- The Chief Medical Officer, or CMO, is an increasingly important part of the C-suite.
- Insider spoke with Salesforce CMO Dr. Ashwini Zenooz on her experience in the role.
- The importance of the CMO will be important across industries, and it’s not going away anytime soon.
- Visit the Business section of Insider for more stories.
The chief medical officer, or CMO, is one of the most quickly evolving C-suite jobs — and not just within the healthcare industry.
Cruise line Royal Caribbean Cruises and food manufacturer Tyson Foods Inc. are just a few of the companies that have added chief medical officers, or CMOs, to their executive teams since the pandemic hit.
While the role of the CMO varies depending on the needs of the specific company, it typically involves a combination of clinical and strategic duties. CMOs typically create guidelines for workplace safety and healthy office practices. On average, these executives are paid more than $200,000 a year, according to Indeed.
Dr. Ashwini Zenooz, who has been serving as Salesforce’s CMO since 2019, told Insider anyone who’s interested in the strategic side of healthcare should consider this career path.
“The pandemic is really driving home the message that every company now is in the business of health,” Zenooz told Insider. “Every company is focused on not only thinking about how to either stay at work during this pandemic, or, if they have essential employees, having people return.”
Those are big questions that come with a lot of logistical preparation, and as companies begin to grapple with vaccination policies, the role of CMO has never been more important.

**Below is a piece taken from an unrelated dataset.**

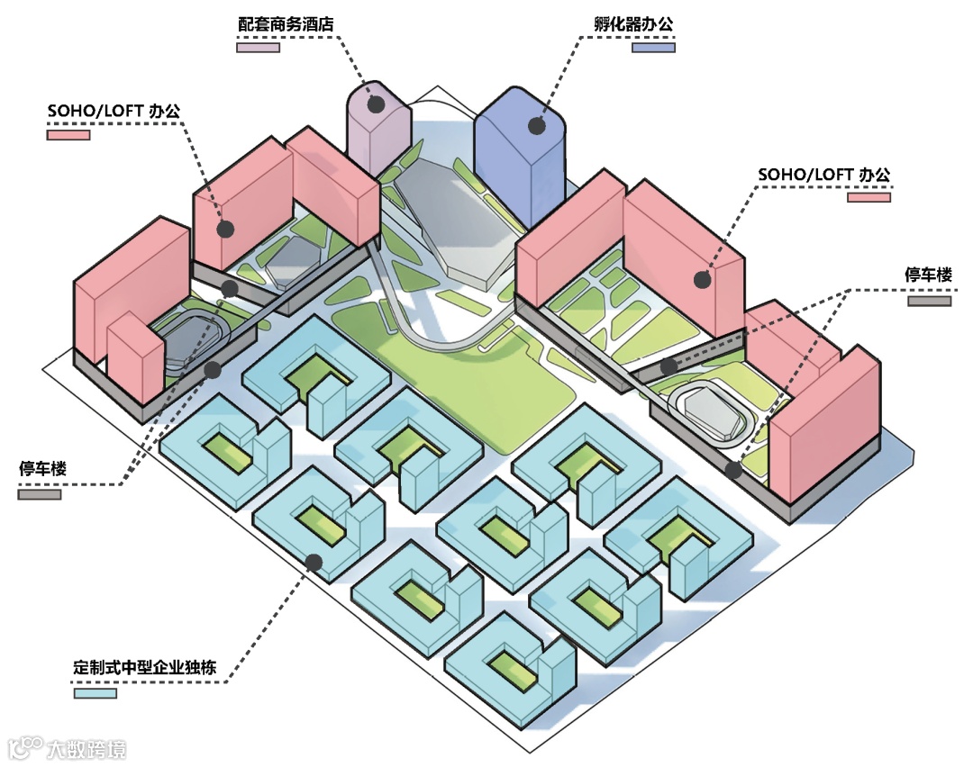 ▲在西亚斯科技园项目,筑弧探索从传统商住体量到独院商住体量的转换

Connecting the dots between strategy and health
If you want to become a chief medical officer, you will need a medical degree, as well as experience working in a hospital or as a practicing physician, according to Indeed. Some CMOs also have backgrounds working in hospital administration.
Zenooz, for example, went to medical school and has a background in radiology. Some chief medical officers also have MBAs, or master’s in health administration.
Zenooz was drawn to the role because of the intersection it offers between clinical work and strategy. She had been working in radiology for over 15 years when her mother fell ill with ovarian cancer. After becoming her mother’s caretaker, she began to think more broadly about jobs she could have in healthcare.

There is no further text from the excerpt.